Science  /  Book Excerpt

Who Was Vera Rubin?

The Large Synoptic Survey Telescope was renamed The Vera C. Rubin Observatory. This telescope is breaking new ground, just as Vera Rubin did in her lifetime.
Book
Jacqueline Mitton, Simon Mitton
2021

The official redesignation of what was formerly known as the Large Synoptic Survey Telescope (LSST) project, confirmed into law by the president of the United States on December 20, 2019, was an even more impressive tribute. Congress recognized that “Dr. Rubin and her collaborators used their observations, in conjunction with the work by earlier astronomers on the rotation of stars in spiral galaxies, to provide some of the best evidence for the existence of dark matter.” Not only that, “Dr. Rubin was an outspoken advocate for the equal treatment and representation of women in science, and she served as a mentor, supporter, and role model to many women astronomers throughout her life.” With these statements, Congress encapsulated the two intertwining strands that made Vera “a national treasure,” as Matthew Scott, president of the Carnegie Institution for Science (2014–2017), called her soon after her death.

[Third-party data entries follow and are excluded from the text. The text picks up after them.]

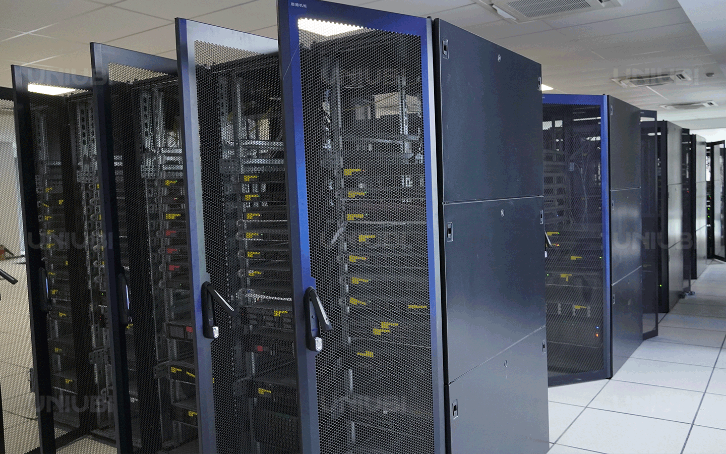 此外,宇泛也为当虹科技建设了机房的UPS系统,采用全方位的机房环境监控系统,对机房内温度、湿度、漏水检测、空调状态及UPS状态等数据进行监测,并通过监控显示屏实时显示。如发生异常情况,机房环境的异常信息可以及时通过短信或电话形式触达管理人员,确保机房稳定运行。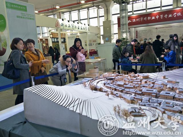 温大书房、温大科创、温大科普、温大文化、温大教技等五大展区向人们展示着温大扎根地方、服务地方的坚定信念。其中最吸引游人注意的要数温大从福建“搬”来的土楼。作为福建民居中的瑰宝,土楼因其独特的造型闻名于世。温大建筑系48名学生通过实地测绘、画图、制作模型等方式,将福建塔下村的14座土楼与1座宗祠按照1:200的比例“搬”到了文博会现场展出。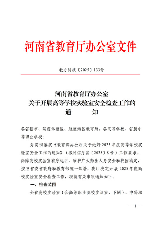 - 2025.05.19转发河南省教育厅办公室关于开展高等学校实验室安全检查工作的通知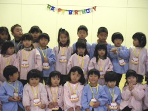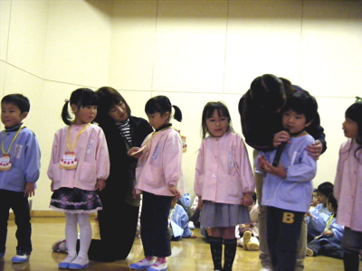 先生に1人ずつお誕生日ケーキの形のペンダントをかけてもらい、嬉しい反面、大勢の人に注目され、照れくさそうな様子です。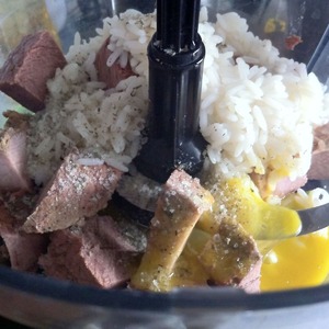 Мясо измельчить в блендере с рисом и желтками. Посолить и поперчить по вкусу.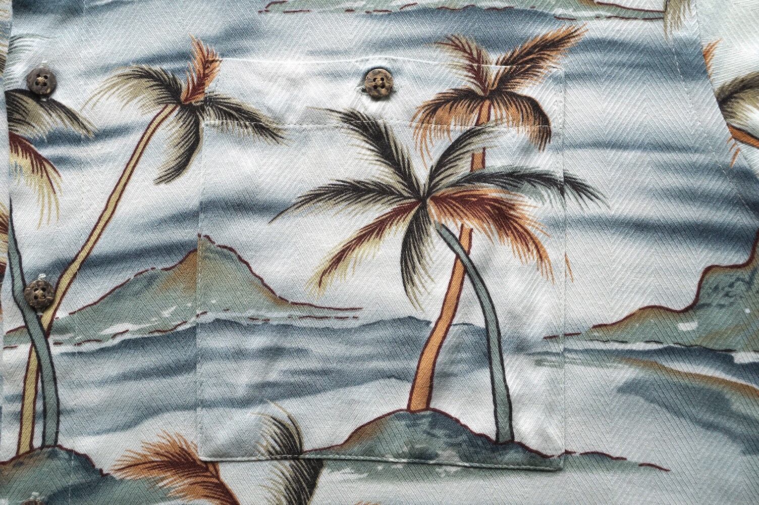 色味の良いリゾート柄のS/Sレーヨンシャツ。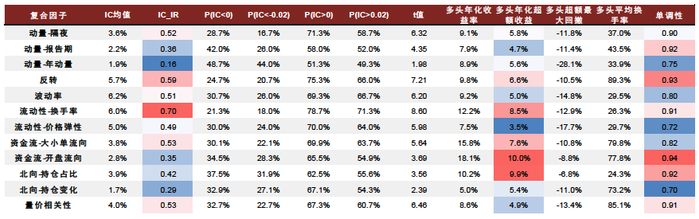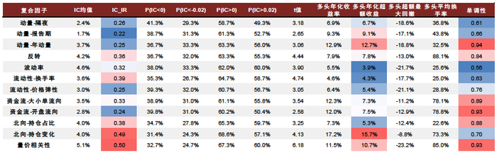 我们取前文分析的各类因子中,选股效果较好的因子,按同类型因子等权合成的方式,构建了12个复合因子。复合因子的具体构建方式如下表所示,复合因子合成过程中,我们对因子的方向进行了调整,使各个复合因子均与下期收益率正相关。

Rubin is remembered first and foremost for her pioneering, long-term studies of spiral galaxies. Her stunning and unexpected discoveries helped to convince astronomers that dark matter is a real entity and, further, that it exists in vast quantities. Rubin never claimed that she had “discovered dark matter” as a concept, although others have mistakenly attributed discovery to her. Cosmologist Fritz Zwicky, writing in 1933, is credited as the first person to suggest there could be such a thing, because known astrophysics could provide no explanation for his observations of how galaxies are moving within their clusters. However, few people paid attention to Zwicky at the time, and the idea lay more or less fallow for almost forty years. From the mid nineteen-sixties, Rubin and her colleague Kent Ford decided to investigate a different kind of motion: how the stars and gas clouds belonging to an individual galaxy revolve around the galaxy’s center. They had no intention of searching for dark matter but, to her surprise, Rubin found compelling evidence that galaxies are immersed in vast halos of it. In fact, it emerged that some ten times more of this mysterious invisible stuff exists than all the particles of ordinary matter in stars and gas clouds put together. Rubin was a meticulous observer and processed her data with the utmost attention to detail, so eventually the truth dawned. Even the most skeptical of critics could not deny the credibility of the observational results she and Ford published, and what these facts implied, especially in the face of developments in theoretical astrophysics and radio astronomy happening at about the same time.